> **Work order**:
Retype the lines of the material below, exactly and only, from the one containing "The 12V landscape" through the last line, with pictures left out.

Entries provided: Begin

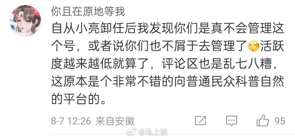 看看中国科学院下属、中国国家地理杂志社官微是怎么打拳收割流量的,对,就是无穷小亮狐主任原本供职的单位。它的文案不用雄雌用男的,刻意挑起对立,作为国家单位的官微真是没有职业道德!关键博物杂志定位还是面向青少年…难怪网友说,狐主任一走,这个微博好像再也管理不好…
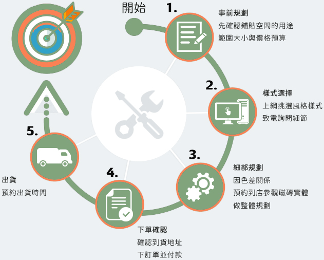 找尺寸 不知道如何選擇?不擔心,讓我們知道尺寸可以給您建議唷! 點擊這裡 找顏色 因為磁磚種類顏色琳瑯滿目,又五花八門不知道如何選擇?快進來了解吧~ 點擊這裡 找空間 各種不同空間大小,該如何選擇磁磚搭配,才能達到所想要的樣子呢? 點擊這裡 找風格 喜歡獨特風格,不想跟別人撞”磚”? 沒問題,來找我們吧! 點擊這裡 最新消息 服務流程 服務流程 一對一諮詢 Opt-inΔ名字電話電子信箱 預約日期諮詢項目- 選擇-磁磚衛浴燈具裝修繼續下一步
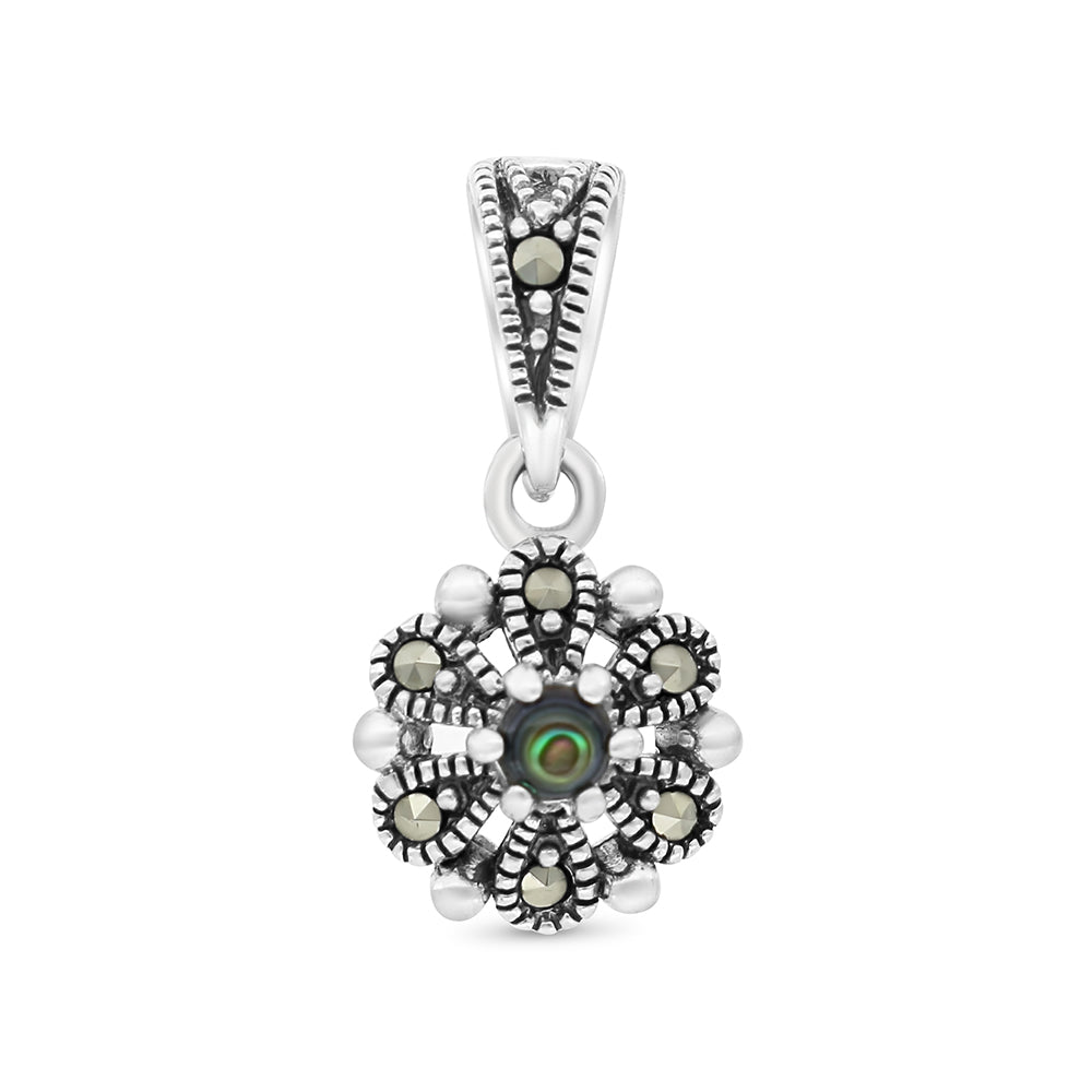 Sterling Silver 925 Pendant Embedded With Natural Blue Shell And Marcasite Stones
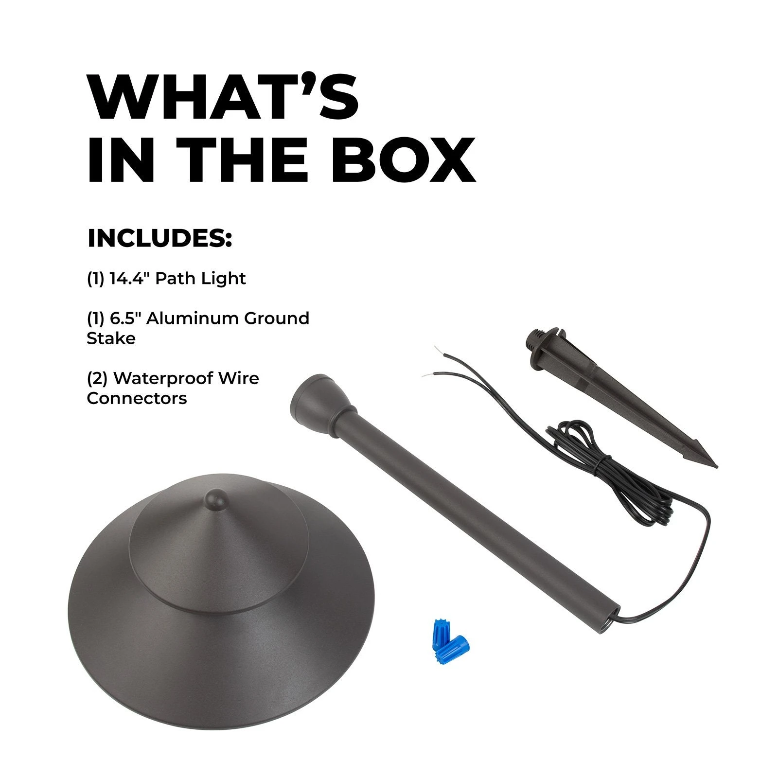 The 12V landscape LED path light features a decorative two-tier cone shade, a matte bronze finish, and corrosion-resistant construction. The durable cast aluminum fixture has integrated LEDs and a frosted polycarbonate lens for diffused illumination. An IP65 waterproof design protects internal components from the elements. Attach the lens and reflective cone shade to the post and secure the durable aluminum ground stake for installation. The landscape path light is ideal for outdoor walkways, pathways, driveways, and garden lighting.
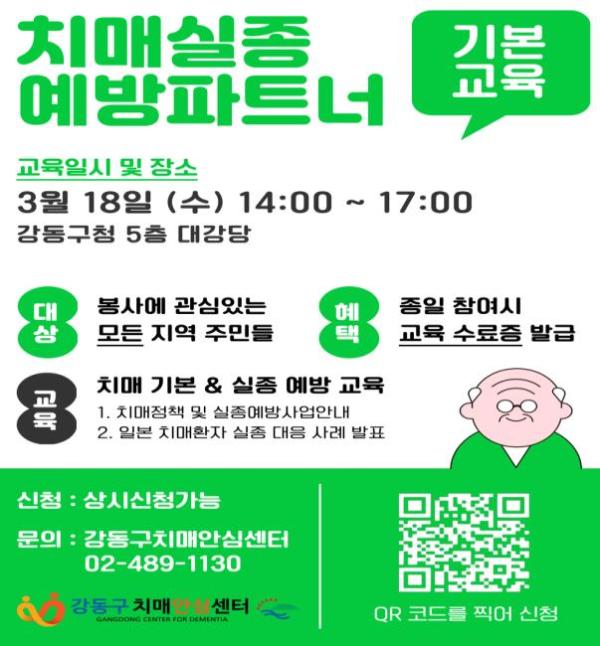이를 위해 오는 3월 18일 오후 2시 강동구청 5층 대강당에서 지역사회 치매실종예방 파트너 양성을 위한 기본교육을 진행한다. 교육에 참여한 지역 주민에게는 치매실종예방 파트너 수료증을 수여한다.
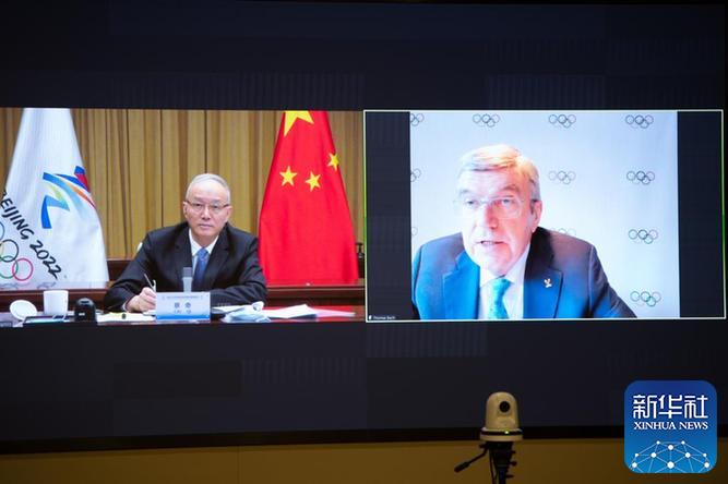 1月15日,中共中央政治局委員、北京市委書記、北京冬奧組委主席蔡奇視頻會(huì)見了國(guó)際奧委會(huì)主席托馬斯·巴赫。新華社記者陳鐘昊攝
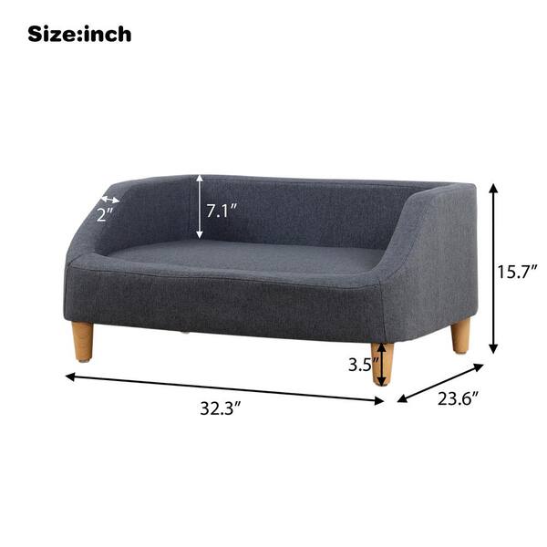 Small 32 in. Grey Pet Sofa Bed with Movable Cushion with Wood Style Foot
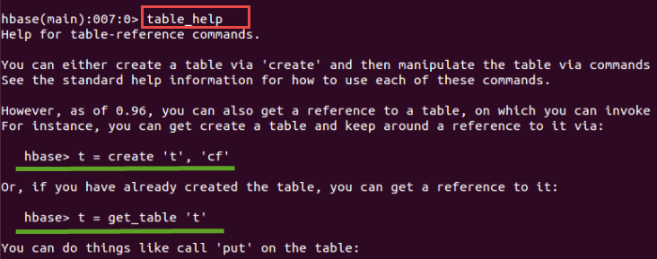 - 上面的屏幕截图显示了“create”和“get_table”命令的语法及其用法。一旦在HBase中创建了表,我们就可以通过这些命令来操作它。
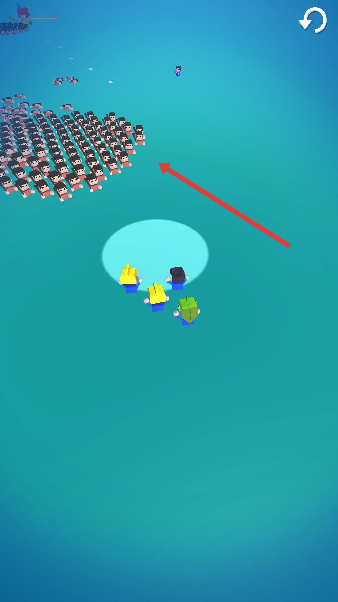 3、率领汇合后的队伍,朝着箭头所指的敌方人群推进,借助人数优势发起冲击,逐步蚕食敌方力量,拓展己方势力范围,达成关卡目标。
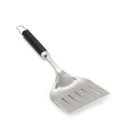 Lift and move large cuts of meat or delicate fish with ease. The wide grill spatula features a 3-sided beveled edge design that allows you lift foods with precision from any angle. The heavy-duty stainless-steel construction and soft-touch handle provide control as the oversized head picks up large cuts or fragile foods with minimal effort. Brand Name: Weber Sub Brand: Precision Tool Material: Stainless Steel Color: Black/Silver Product Type: Grill Spatula Tool Type Family: Spatulas Number in Package: 1 pc Packaging Type: Carded Height: 2.3 in. Width: 6.5 in. Length: 18 in. Heat Resistant Handles: Yes Handle Length: 4 in. Dishwasher Safe: Yes.
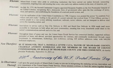Miami Area Local Attains Proclamation Honoring USPS 250 from Miami-Dade County Commission
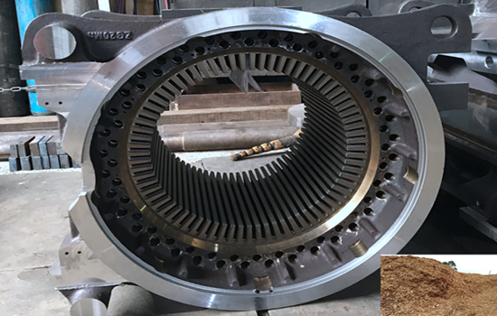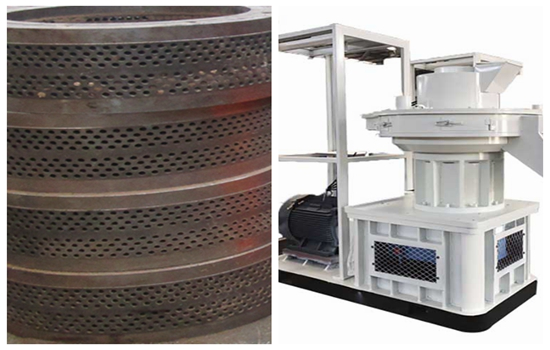 首先,在選用優質環模的前提下,應根據生產物料的比重,選用合適的模孔形式、開孔率及壓縮比。在保證環模強度的前提下,盡量提高環模的開孔率,對于有些品種的物料,在保證合理壓縮比的條件下,環模過于壁薄,以致環模強度不夠,生產中會出現爆模現象,應當在保證模孔有效長度的前提下,增加環模的厚度和增開減壓孔。
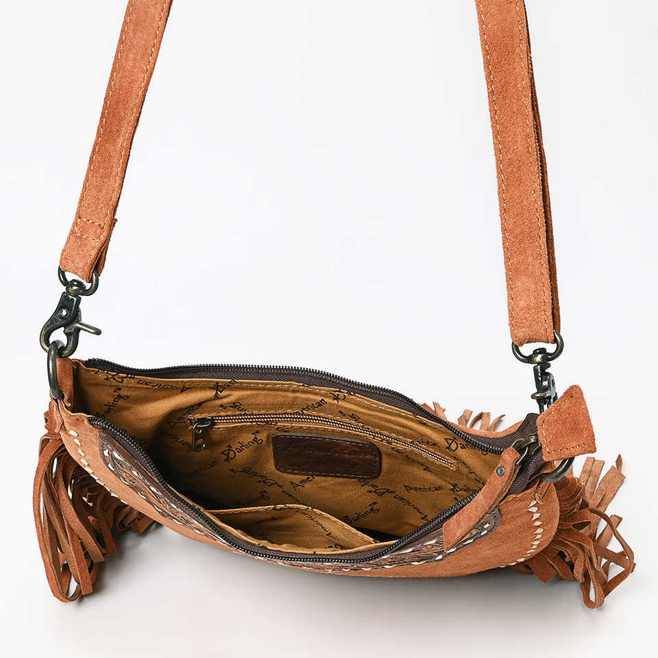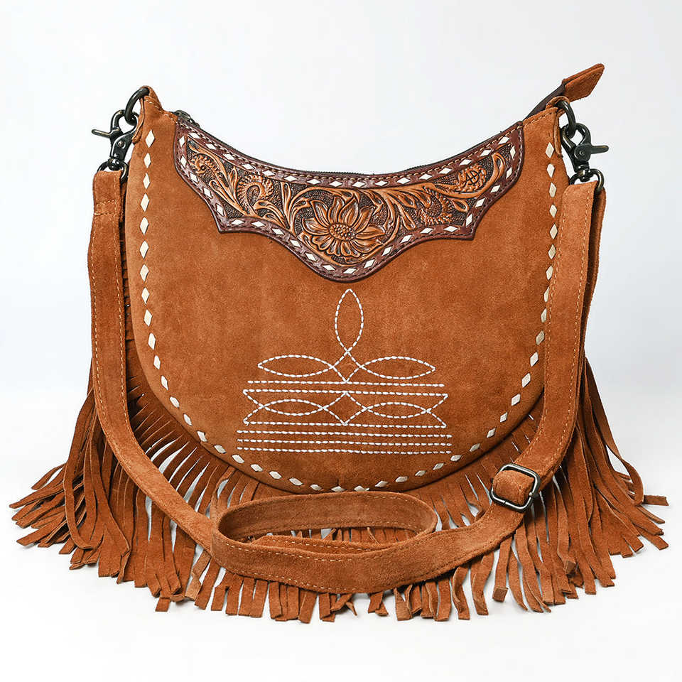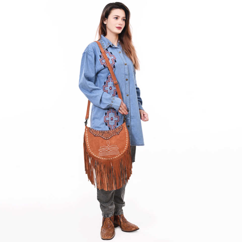 Vintage Lady Western Suede Fringe Crossbody Bag Tooled Leather Floral Yoke Embroidered Design Boho Cowgirl Shoulder Summer
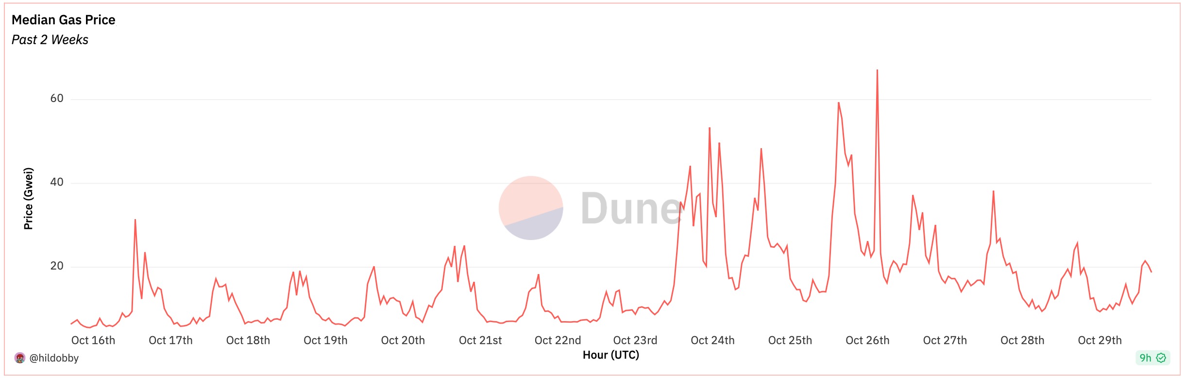 TOKEN 发行当日,据 Dune 数据显示,10 月 27 日以太坊网络的 gas 均费达到了 67gwei 的周内高峰,超出平均值数倍之多。

Entries provided: End

> **Result below**:
 The 12V landscape LED path light features a decorative two-tier cone shade, a matte bronze finish, and corrosion-resistant construction. The durable cast aluminum fixture has integrated LEDs and a frosted polycarbonate lens for diffused illumination. An IP65 waterproof design protects internal components from the elements. Attach the lens and reflective cone shade to the post and secure the durable aluminum ground stake for installation. The landscape path light is ideal for outdoor walkways, pathways, driveways, and garden lighting.
이를 위해 오는 3월 18일 오후 2시 강동구청 5층 대강당에서 지역사회 치매실종예방 파트너 양성을 위한 기본교육을 진행한다. 교육에 참여한 지역 주민에게는 치매실종예방 파트너 수료증을 수여한다.
 1月15日,中共中央政治局委員、北京市委書記、北京冬奧組委主席蔡奇視頻會(huì)見了國(guó)際奧委會(huì)主席托馬斯·巴赫。新華社記者陳鐘昊攝
 Small 32 in. Grey Pet Sofa Bed with Movable Cushion with Wood Style Foot
 - 上面的屏幕截图显示了“create”和“get_table”命令的语法及其用法。一旦在HBase中创建了表,我们就可以通过这些命令来操作它。
 3、率领汇合后的队伍,朝着箭头所指的敌方人群推进,借助人数优势发起冲击,逐步蚕食敌方力量,拓展己方势力范围,达成关卡目标。
 Lift and move large cuts of meat or delicate fish with ease. The wide grill spatula features a 3-sided beveled edge design that allows you lift foods with precision from any angle. The heavy-duty stainless-steel construction and soft-touch handle provide control as the oversized head picks up large cuts or fragile foods with minimal effort. Brand Name: Weber Sub Brand: Precision Tool Material: Stainless Steel Color: Black/Silver Product Type: Grill Spatula Tool Type Family: Spatulas Number in Package: 1 pc Packaging Type: Carded Height: 2.3 in. Width: 6.5 in. Length: 18 in. Heat Resistant Handles: Yes Handle Length: 4 in. Dishwasher Safe: Yes.
Miami Area Local Attains Proclamation Honoring USPS 250 from Miami-Dade County Commission
 首先,在選用優質環模的前提下,應根據生產物料的比重,選用合適的模孔形式、開孔率及壓縮比。在保證環模強度的前提下,盡量提高環模的開孔率,對于有些品種的物料,在保證合理壓縮比的條件下,環模過于壁薄,以致環模強度不夠,生產中會出現爆模現象,應當在保證模孔有效長度的前提下,增加環模的厚度和增開減壓孔。
 Vintage Lady Western Suede Fringe Crossbody Bag Tooled Leather Floral Yoke Embroidered Design Boho Cowgirl Shoulder Summer
 TOKEN 发行当日,据 Dune 数据显示,10 月 27 日以太坊网络的 gas 均费达到了 67gwei 的周内高峰,超出平均值数倍之多。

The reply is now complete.